## Goal of the exercise
From the first line to the last, write out the records exactly, leaving the pictures behind.

BEGIN

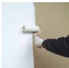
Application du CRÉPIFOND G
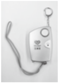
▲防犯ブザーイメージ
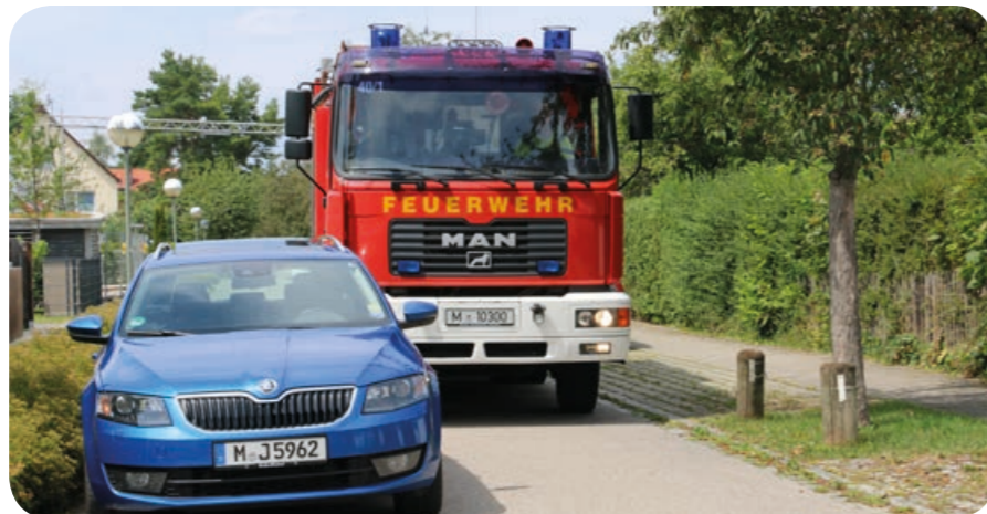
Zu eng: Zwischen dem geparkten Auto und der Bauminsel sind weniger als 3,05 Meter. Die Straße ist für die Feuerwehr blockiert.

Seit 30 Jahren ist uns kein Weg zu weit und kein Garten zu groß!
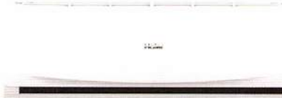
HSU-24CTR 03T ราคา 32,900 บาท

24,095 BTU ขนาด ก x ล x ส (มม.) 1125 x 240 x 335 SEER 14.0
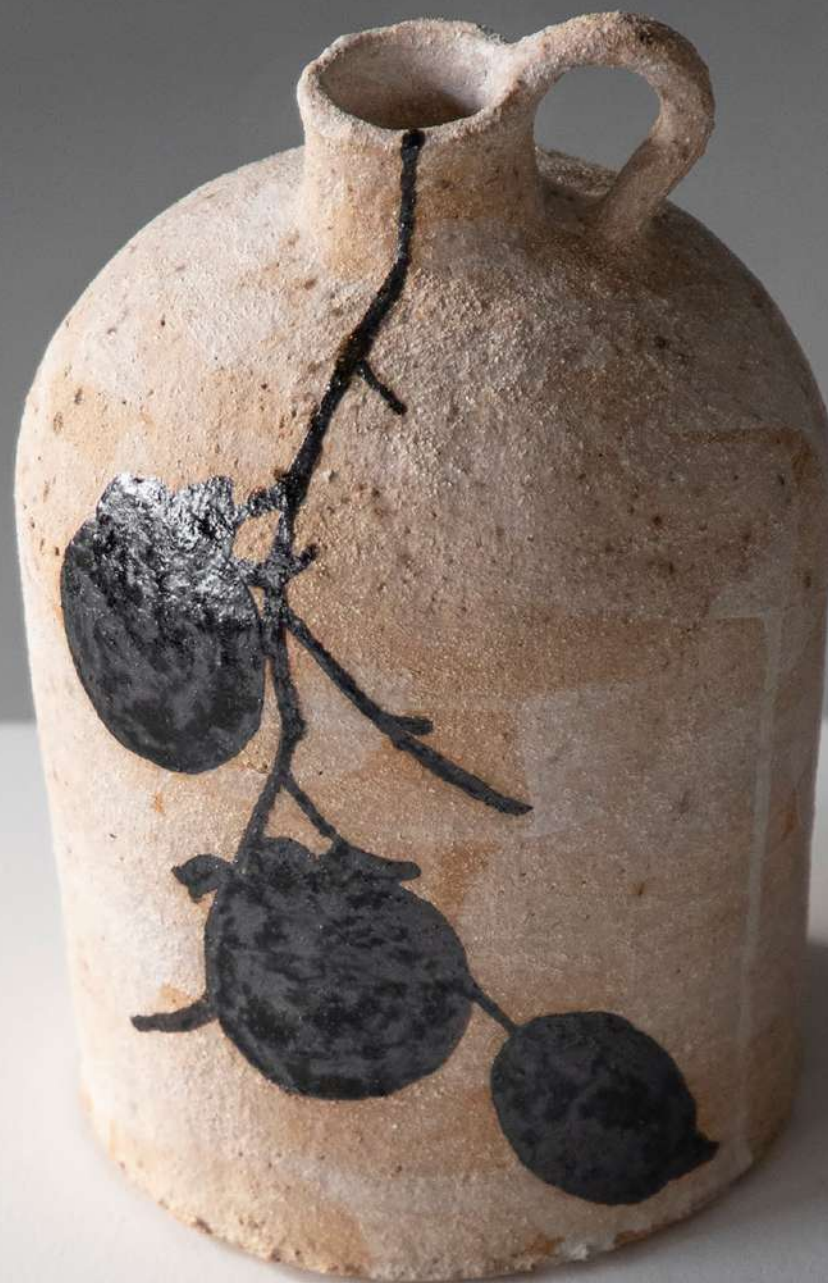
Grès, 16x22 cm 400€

END

## Result for this task
Application du CRÉPIFOND G
▲防犯ブザーイメージ
Zu eng: Zwischen dem geparkten Auto und der Bauminsel sind weniger als 3,05 Meter. Die Straße ist für die Feuerwehr blockiert.

Seit 30 Jahren ist uns kein Weg zu weit und kein Garten zu groß!
HSU-24CTR 03T ราคา 32,900 บาท

24,095 BTU ขนาด ก x ล x ส (มม.) 1125 x 240 x 335 SEER 14.0
Grès, 16x22 cm 400€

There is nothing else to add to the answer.